Summary of Rickets
Transcript for Rickets
Bone softening caused by a faulty process of bone mineralization manifests as either rickets in children or osteomalacia in adults.
Inadequate bone mineralization could be due to a deficient or impaired metabolism of vitamin D, phosphate or calcium.
But first, a bit about bones. Now, long bones, like the femur, are made up of two epiphyses, which are its ends, and the diaphysis, which is the shaft.
Between each epiphysis and the diaphysis, there’s a region called the metaphysis.
And the metaphysis contains the epiphyseal plate, or the growth plate, which is the part of the bone that grows during childhood.
Once growth stops, the growth plate is replaced by an epiphyseal line, and this is known as epiphyseal closure.
Now, for bones to grow and develop properly, special bone cells, called osteoblasts, are hard at work.
To build bone, osteoblasts secrete osteoid, which is an organic matrix made of type 1 collagen.
These collagen fibers are the framework for the osteoblasts' work.
Osteoblasts then deposit calcium and phosphate crystals into the framework.
This process is called bone mineralization, and it confers strength to the growing bones.
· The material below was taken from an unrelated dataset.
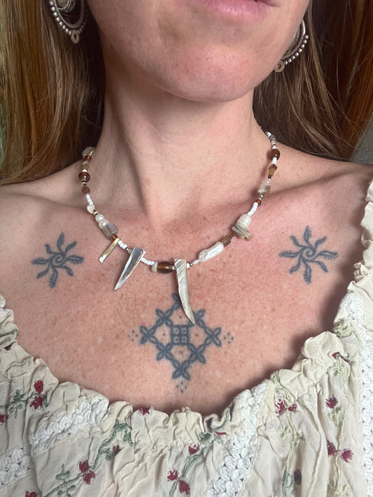BEADED SUNRAYS Mother Of Pearl Necklace 18 Inch

Bone mineralization is dependent on an enzyme called alkaline phosphatase - which increases in response to osteoblast activity.
So, at the end of the day, bones are like a storage warehouse for calcium and phosphate.
Now, the levels of calcium and phosphate in the bone, but also in the blood, are regulated by vitamin D and parathyroid hormone, or PTH.
Vitamin D-wise, two steps are necessary for optimal metabolism: first, there must be enough vitamin D in the body, either from food, or created in the skin in response to sunlight exposure.
Secondly, vitamin D must become metabolically active, and this process also has two steps.
First one happens in the liver, where inactive vitamin D is converted into 25-hydroxy-vitamin D by the enzyme 25-Hydroxylase.
25-hydroxy-vitamin D then travels to the kidneys, where the enzyme 1-alpha-hydroxylase converts it to 1,25 hydroxy-vitamin D, or calcitriol, which is the active form of vitamin D.
Calcitriol increase renal tubular reabsorption of calcium which reduces the loss of calcium in the urine.
Calcitriol also increases the intestinal absorption of calcium and phosphate.
Ok, now let’s have a quick look at parathyroid hormone. Parathyroid hormone is secreted in response to low blood calcium levels, and it stimulates the resorption of calcium and a small amount of phosphate from the bone and into the bloodstream.
Additionally, parathyroid hormone can boost 1-alpha-hydroxylase activity, which forms more active vitamin D, increasing gut absorption of calcium.
Lastly, parathyroid hormone increases calcium reabsorption and reduces the reabsorption of phosphate from the kidneys, so more phosphate is excreted through the urine.
Now, when there's not enough active vitamin D, calcium or phosphate, there's inadequate mineralization.
This means that osteoblasts don’t have enough calcium and phosphate to deposit into the organic matrix.
In children, because the growth plates haven’t closed yet, this leads to softening of the bones, impaired growth of bones, and bone malformations.
Whereas, in adults, where the epiphyseal plates have already closed, it only causes weakening and softening of bones which makes them easier to fracture.
Ok, now vitamin D deficiency is the most common cause of both rickets and osteomalacia.
Causes of vitamin D deficiency include intestinal malabsorption which can be seen with celiac disease or Crohn's disease, not enough UV light exposure, like in homebound, elderly populations.